Convalescent plasma misses the mark in phase 2 trial
Hopes that antibody-laden plasma taken from recovered COVID-19 patients could lessen the severity of the disease in others have taken a knock.
The 464-subject PLACID trial – carried out in India – found that the use of so-called convalescent plasma was unable to prevent progression to severe disease or reduce mortality in people hospitalised with moderate COVID-19.
The finding comes after the US issued an Emergency Use Authorisation (EUA) for convalescent plasma in August, despite opposition from some medical experts who said it was premature as the safety and efficacy of the approach had not been established in human testing.
The approval also came amid a spat between the FDA and President Trump, who had accused the agency of impeding progress on coronavirus therapies, and was followed by an embarrassing data gaffe by agency head Stephen Hahn during a press conference announcing the EUA.
Some countries, including the UK, have been collecting and stockpiling convalescent plasma in the hope that it can be deployed quickly to patients if it proves effective in clinical trials.
Now however, it looks like those who advised caution may have had good cause. While it’s worth pointing out that PLACID was an open-label rather than a double-blind study, the trial investigators claim it “approximates convalescent plasma use in real-life settings”.
Studies have shown convalescent plasma from COVID-19 survivors contains antibodies with potent antiviral activity, but there are a lot of unanswered questions about use in patients, including the levels of antibodies needed to be effective, the timing of plasma donation and treatment and the types of patents most likely to respond.
Writing in the British Medical Journal, the authors – led by Anup Agarwal of the Indian Council of Medical Research in New Delhi – say that while prior studies have suggested that convalescent plasma can reduce viral load, the time patients need to spend in hospital, and death rates, that wasn’t the case in their trial.
The primary outcome – progression to severe disease or all-cause mortality at 28 days – was seen in 19% of patients receiving plasma plus standard supportive care, compared to 18% of those in the control arm on supportive care alone.

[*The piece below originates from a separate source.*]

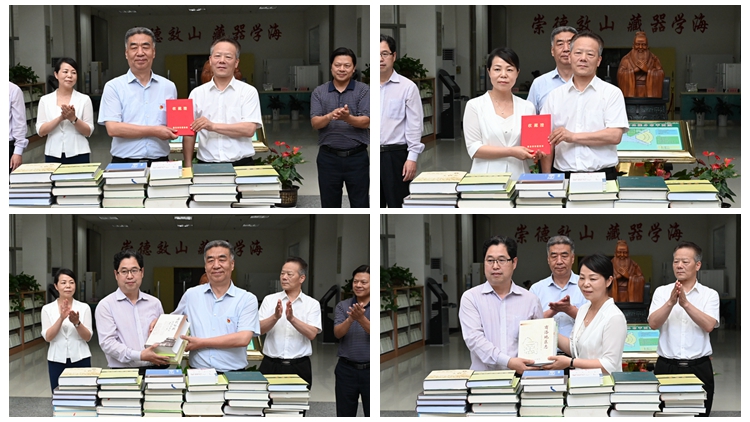 6月28日下午,陕西省地方志办公室主任熊晖、商洛市人民政府地方志办公室主任陈朝阳一行代表省、市地方志办公室向best365捐赠《历代咏陕诗词曲集成》《商洛地区志》等志书、年鉴共89册(件)。捐赠仪式在best365北新街校区图书馆举行。校党委书记张志昌,副校长王新军出席仪式。院长办公室、国内合作与校友工作处、图书馆负责人,图书馆全体工作人员和学生代表参加仪式。
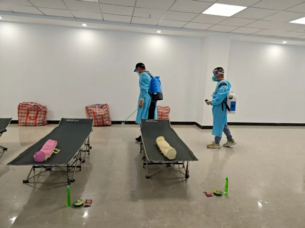 ▲组织镇消杀队对全镇避难场所开展灭蚊工作

There were some beneficial effects, including shorter times to resolution of symptoms like shortness of breath and fatigue, but plasma therapy didn’t seem to improve biomarkers for the runaway inflammation that is associated with COVID-19 requiring hospitalisation.
In an editorial accompanying the study, Elizabeth Pathak of the Women’s Institute for Independent Social Enquiry in Maryland, US, said that as the study wasn’t blinded, it was possible that patients who knew they were getting plasma might expect to feel better, and so reported improvements in symptoms.
She also points out that convalescent plasma isn’t without risks – in fact, the FDA specifically warns about the risks of blood clots with the therapy, particularly in older patients and those with cardiovascular risk factors.
Other studies of convalescent plasma are still ongoing, including the UK RECOVERY trial which has already shown the benefits of the steroid dexamethasone in adults with COVID-19, as well as the failure of the antiviral combination lopinavir-ritonavir.
Convalescent plasma is one of three other therapies being put through their places in the study.